• WHAT THE TASK ASKS: From the line containing "由初始化 单例Bean 的流程图可以看出,循环依赖主要发生在第二步(populateBean),也就是" to the last line of the data, both included, transcribe each line exactly, leaving out pictures and adding nothing.

• THE DATA:
################
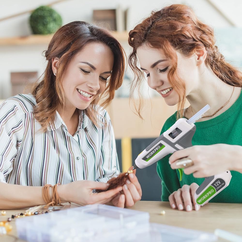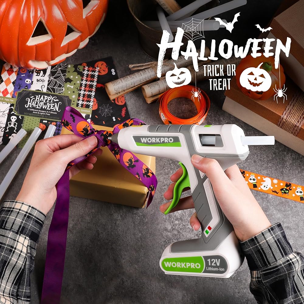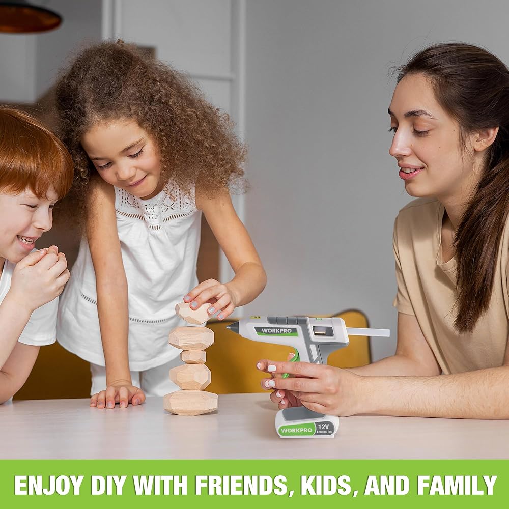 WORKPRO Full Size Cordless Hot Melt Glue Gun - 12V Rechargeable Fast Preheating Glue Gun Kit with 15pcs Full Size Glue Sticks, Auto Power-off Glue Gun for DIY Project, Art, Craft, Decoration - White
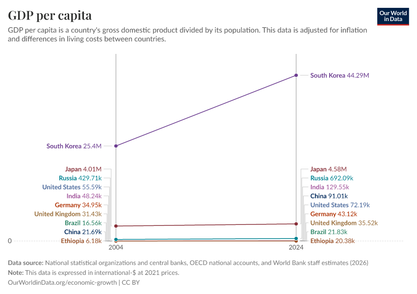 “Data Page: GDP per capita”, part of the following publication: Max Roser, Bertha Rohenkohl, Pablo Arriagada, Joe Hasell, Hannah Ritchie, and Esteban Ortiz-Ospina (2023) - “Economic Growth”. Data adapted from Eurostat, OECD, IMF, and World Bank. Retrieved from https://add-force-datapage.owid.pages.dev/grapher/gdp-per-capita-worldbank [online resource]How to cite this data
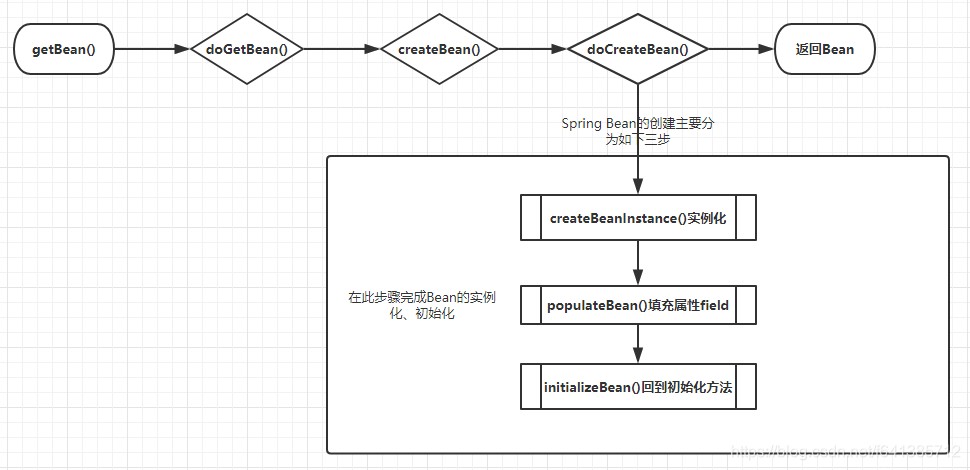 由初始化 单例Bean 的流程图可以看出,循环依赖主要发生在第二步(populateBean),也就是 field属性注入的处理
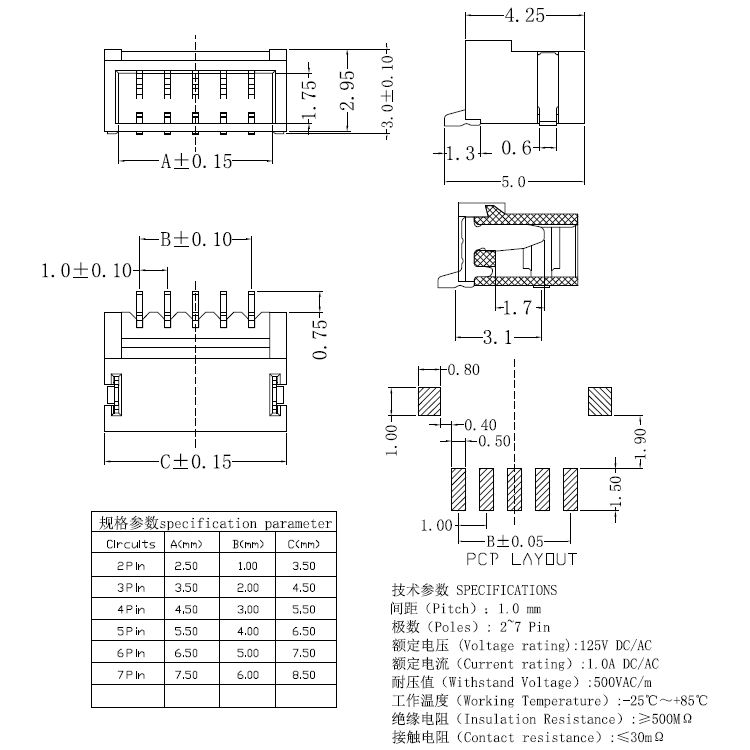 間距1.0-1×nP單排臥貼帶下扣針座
################
• YOUR SOLUTION:
 由初始化 单例Bean 的流程图可以看出,循环依赖主要发生在第二步(populateBean),也就是 field属性注入的处理
 間距1.0-1×nP單排臥貼帶下扣針座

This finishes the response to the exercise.